In regenerative therapy of the retina there are also attempts of implanting stem cells transferred into photoreceptors, replacing damaged cells with new ones. Outcomes of those experiments are not available yet, although a problem is a survival of the new layer of cells and its connection with host cells. In this case the difference is based on a way we use stem cells. After isolating stem cell, we grow from it for example – photoreceptors and only then transplant them under the retina.
How is it done?
Stem cells can be transplanted into different parts of the eye. All methods require surgery under operating room conditions. In some of the cases a surgical removal of the vitreous is necessary. Stem cells can be transplanted into:
– vitreous chamber,
– subretinal space,
– in front of the edema,
– in front of the optic nerve,
– into the muscle cone that surrounds optic nerve connecting the eye with the brain.
Even though there are no exact tests on stem cells survival time in human eye, it is believed that they survive for a few months.
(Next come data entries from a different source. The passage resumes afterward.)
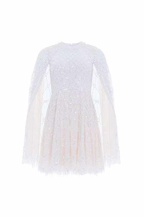 The Heart Lattice Micro Mini Dress in Cream. This dress is decorated with intricate embellishment made using the smallest sequins for exquisite detailing. Beautifully designed with heart-shaped motifs in a lattice layout. This dress features a cape for romantic detailing and a statement look. Make an entrance at your next event.
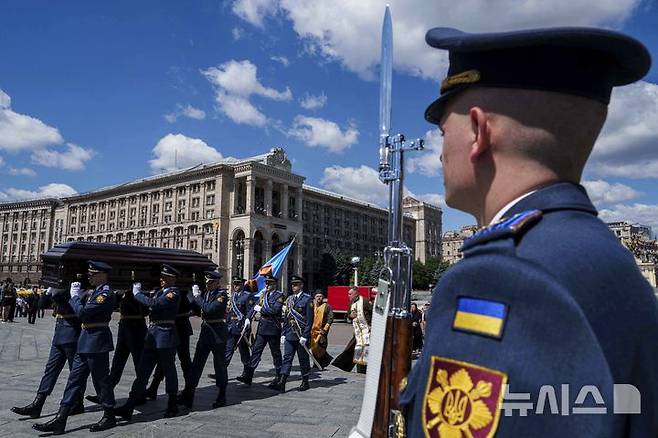 [키이우=AP/뉴시스] 3일(현지 시간) 우크라이나 키이우에서 F-16 조종사 막심 우스티멘코 중령의 영결식이 열려 의장대가 고인의 관을 운구하고 있다. 그는 지난달 29일 러시아의 공습을 방어하던 중 전투기가 손상되자 민가에서 벗어나기 위해 추락 직전까지 전투기 조종간을 놓지 않아 끝내 전사했다. 2025.07.04.
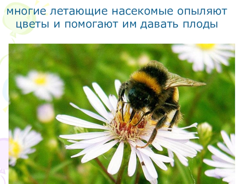 многие летающие насекомые опыляют цветы и помогают им давать плоды
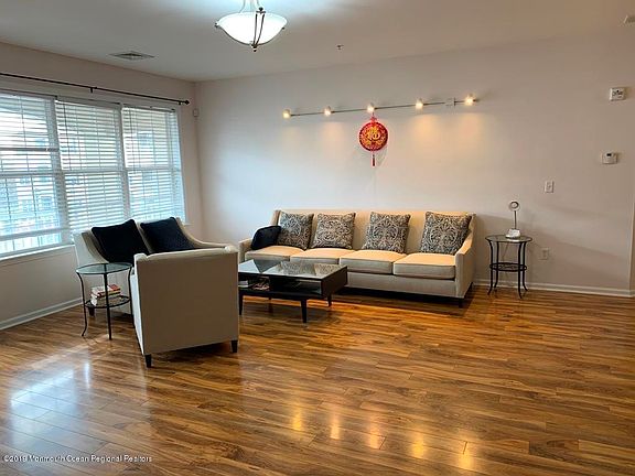 Luxury 2 bedroom 2 full bath condo located in Mill Pond. Open floor plan, kitchen with upgraded cabinets, stainless steel appliances and counter bar. Nice dining room, bright and airy living room with gas fireplace and hardwood flooring. French door to deck. Large master bedroom with a walk-in closet. Fabulous private master bathroom with double vanity & oversized shower. Full laundry room with washer and dryer. Second bedroom with full bath. Just minutes to Garden State Parkway, Route 18, Route 35 & 36. Close to shopping, Jersey Shore Outlet!
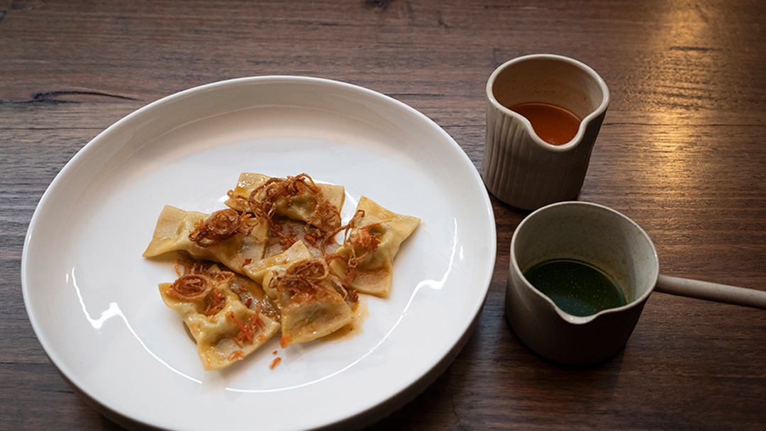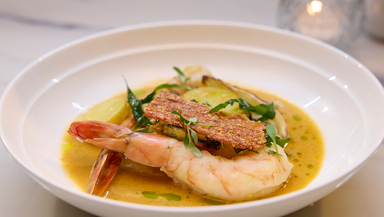 Laura - Prawn-Filled Scarpinocc Pasta, Prawn Bisque, Basil Oil, Onion Soubise & Fried Onions.
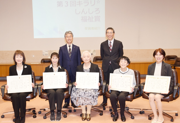 大会議室では、市内福祉施設で活躍する人を応援する「キラリしんしろ福祉賞」の表彰も行われた。市福祉事業者支援施策推進会議(長坂宏座長)が主催。グループホームとみさかの小野田律子さん、特別養護老人ホームくるみ荘の原江利子さん、西部福祉会館の塚本春美さん、八楽児童寮の森田恵理さん、「レインボーのお菓子やさん」の千賀佳代子さん、新城こども園の板澤崇文さん、やすらぎの家の池田知子さんの7人(欠席2人)が、下江洋行市長から賞状を受け取った。
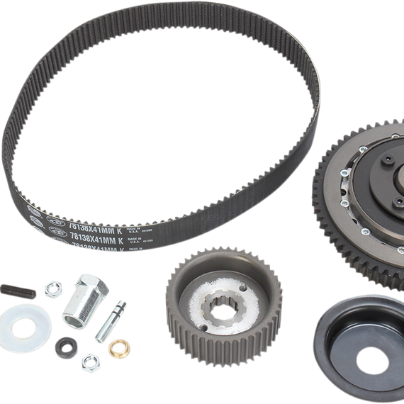Caracteristicas: 1-1/2" and 1-5/8" kits include front pulley, belt, clutch hub, clutch basket and aramid clutch set (consists of two half plates, four full plates and five steel drive plates) Direct bolt-in applications 3" electric start kit includes front pulley, belt, clutch hub and clutch basket and aramid clutch set (consists of two half plates, four full plates and five steel drive plates), 6061 T-6 billet motor plate, outside guard and polished pulley cover All systems come with the Quiet Clutch system Precision-machined, polished aluminum pressure plate uses nine springs and shoulder bolts to ensure even spring pressure (included in kit) Rear pulley has a 40mm, double-row bearing with an inner stress-proof steel clutch hub to support the clutch Made in the U.S.A. 3" system is not designed for use with floorboards. Not for use with offset primaries.

During that time they produce regenerative substances, gather where inflammatory processes are, and influence cells’ metabolism.
Switching damaged cells to new metabolic pathways improves their functioning, as well as stops degenerative processes in tissues surrounding damaged cells.
Although in most patients the vision improves, we do not know how long it will last. Undoubtedly there is a temporary stop of retinal degradation. But the future of cells’ therapy will depend on a discovery of a way to control connections between different types of cells, which will allow recreating such complex structures as retina. Undoubtedly a creation of safe ways of implanting stem cells into the eye and keeping them alive, so they can become part of the new host’s body, will be needed.